Заведующий, никогда не
надевавший шлем, от исполнения гражданского долга отказался, но его не тронули,
потому что отказался он тихо. Даже орденом наградили. А вот Заборцева вступила
в ряды ошеломлённых уже в пенсионном возрасте, и как только год назад в эфире
прозвучала памятная речь Императора, она свой гражданский долг выполнила без
колебаний. Её подвиг даже по телевизору показывали как положительный пример
согражданам.
Кстати, в отличие от взрослых,
среди которых не более четверти получили право пользования информобменным
шлемом и ещё процентов десять боролись за это право, все дети до 16 лет в
прошлом году получили ордера на свободное пользование шлемом, а в младших
классах пользование ими стало обязательным. В старших — нет, но получить
хорошую оценку без помощи шлема было делом немыслимым. Он всё-таки стал
замечательной альтернативой зубрёжке. Когда-то Макарону даже казалось, что если
бы образовательные программы были составлены правильно, из применения шлемов в
учебном процессе мог бы выйти толк.
Администрация Сети объясняла
ограничения по распространению шлемов среди взрослых недостатком ресурсов, но
это, конечно, было ложью. Власти были заинтересованы в победе партии
ошеломления и потому ограничивали количество шлемов с таким расчётом, чтобы их
всегда было меньше, чем желающих ошеломиться, то есть чтобы на них всегда был
спрос и предметом общественного недовольства был дефицит шлемов, а отнюдь не их
насильственное насаждение. Благодаря этому никто в лаборатории системного
анализа и проектирования, кроме Заборцевой, Шероховатова и, увы, Янночки Дарк,
всегда приветствовавшей любую инновацию, шлемов не надел. Видать, мнение
покойного Силаева, которое Садовский в своё время прилежно распространял,
оказалось достаточно влиятельным.
Одно время в ТУПИКе всерьёз
поговаривали о забастовке. Даже создали стачком, который возглавил — не
поверите! — Щедринов. Правда, о протестах против шлемоношения тогда речь не шла
— боролись за улучшение финансирования и против оглупления учебных планов. По
институту ходили упорные слухи, что за забастовочным движением стоит
лаборатория системного анализа и проектирования, в числе возможных
подстрекателей называли Янночку и Садовского. Но с тех всё сходило как с гуся
вода. То ли потому, что подстрекатели не они, то ли потому, что существование
стачкома Полотенца не особенно беспокоило.

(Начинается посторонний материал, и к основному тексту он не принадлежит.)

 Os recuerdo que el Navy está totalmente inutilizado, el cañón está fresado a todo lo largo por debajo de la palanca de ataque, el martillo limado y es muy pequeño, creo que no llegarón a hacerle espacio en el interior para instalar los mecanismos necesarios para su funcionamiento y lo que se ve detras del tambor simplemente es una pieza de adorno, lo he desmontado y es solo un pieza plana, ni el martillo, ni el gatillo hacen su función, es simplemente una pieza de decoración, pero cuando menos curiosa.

Макаров всегда считал, что
стачка так и не началась именно потому, что комитет возглавил Щедринов. Считал
он так вопреки общему мнению: все знали, что настроен замдиректора очень
решительно, особенно после того, как выяснилось, что и ему квартира в
ведомственном доме не светит. Шлем он, кстати, не носил, если вам это
интересно. Но дело-то не только в шлеме.
Стачком постепенно
самораспустился, а квартиру Щедринов так и не получил. Пришлось покупать. На
свои кровные. Пятикомнатную, в центре. Макарон даже был зван на новоселье.
Правда, не пришёл.
Но тут воспоминания Макарона
были неожиданно прерваны, равно как и его магические пассы над клавиатурой
машины.
В зале без теней — казалось,
что светился сам воздух — в проёме двери вдруг явилась стройная девчоночья
фигурка. Чумазая и усталая светловолосая девочка с неуместным спокойствием взглянула прямо на
Макарона. Взгляд был удивлённым и вместе с тем задорным. Казалось, она и
смущена нежданной встречей, и рада ей: слишком уж длинный шлейф одиночества
тянулся за её спиной, доступный если не подслеповатым глазам нашего кандидата в
хронавты, то уж внутреннему взору — точно.

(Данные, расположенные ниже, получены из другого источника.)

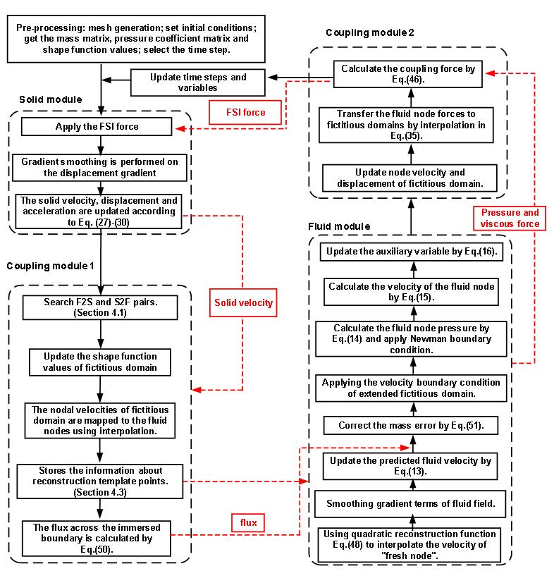 该文通过结合笛卡尔网格和光滑有限元方法,提出了一种守恒的浸没算法用于求解二维流-固耦合问题。建立了完全光滑有限元框架下的二维流-固耦合问题的数学模型,包括流体的纳维-斯托克斯方程和固体的运动方程。对流体和固体的物理量进行离散化处理,流体方程和固体方程全部采用光滑有限元方法求解,为二维流固耦合问题提供了一种有效的数值求解方法,具有较高的计算精度和稳定性。该算法不需要对流体和固体区域进行复杂的网格匹配,而是通过在各自网格上定义流体和固体的物理量,并采用浸没边界方法来处理流-固界面。将固体边界条件引入流体方程中,在流-固界面上通过界面插值的形式来完成流、固两相的信息交换,从而实现流-固耦合过程。基于笛卡尔网格的方法避免了复杂的网格生成和处理,提高了计算效率和灵活性。光滑有限元方法被用于提高计算精度和稳定性,通过对单元矩阵进行光滑处理,减少数值误差和振荡。守恒的浸没算法则保证了计算过程中物理量的守恒性。未来的研究可以进一步将该算法扩展到三维问题和复杂几何形状的应用中,从而提高算法的通用性和实用性。

Между девочкой и Макароном
состоялся короткий диалог, содержание которого Макарон от растерянности не
запомнил, оттого и я не смогу вам его поведать.
Итогом диалога стало то, что
Макарон покинул подвал.
Через полчаса он, не выдержав,
вернулся. Девочки не было, но в лучах фонаря отчётливо были видны её следы,
отпечатавшиеся поверх толстого слоя нечистот. Следы вели только туда.
«Вот и хорошо», — подумал несостоявшийся хронопутешественник.
«Дома с ним была истерика. В
один удушающий клубок слились все впечатления этого жуткого дня: утраченный
мобильник, размозжённые всё о ту же трубу очки, несостоявшийся улёт, тупая боль
в разбитой руке — девочка там, в подвале, умело наложила повязку из носового платка,
а вот ничего заживляющего у неё с собой не оказалось (всё уже истратила,
посетовала она Константину). А главное — необходимость продолжать жить в этом
ненастоящем мире. Шагать по жизни, провожая хладнокровным взглядом тех, кто,
достигнув пятидесяти пяти или шестидесяти, уходит в небытие; провожая
хладнокровным взглядом серые крысьи роты штурмовиков; провожая сочувствующим,
но хладнокровным взглядом первоклассников, на которых там, за угрюмыми
железными оградами школ, наденут шлемы... Все дети проходят через шлемы.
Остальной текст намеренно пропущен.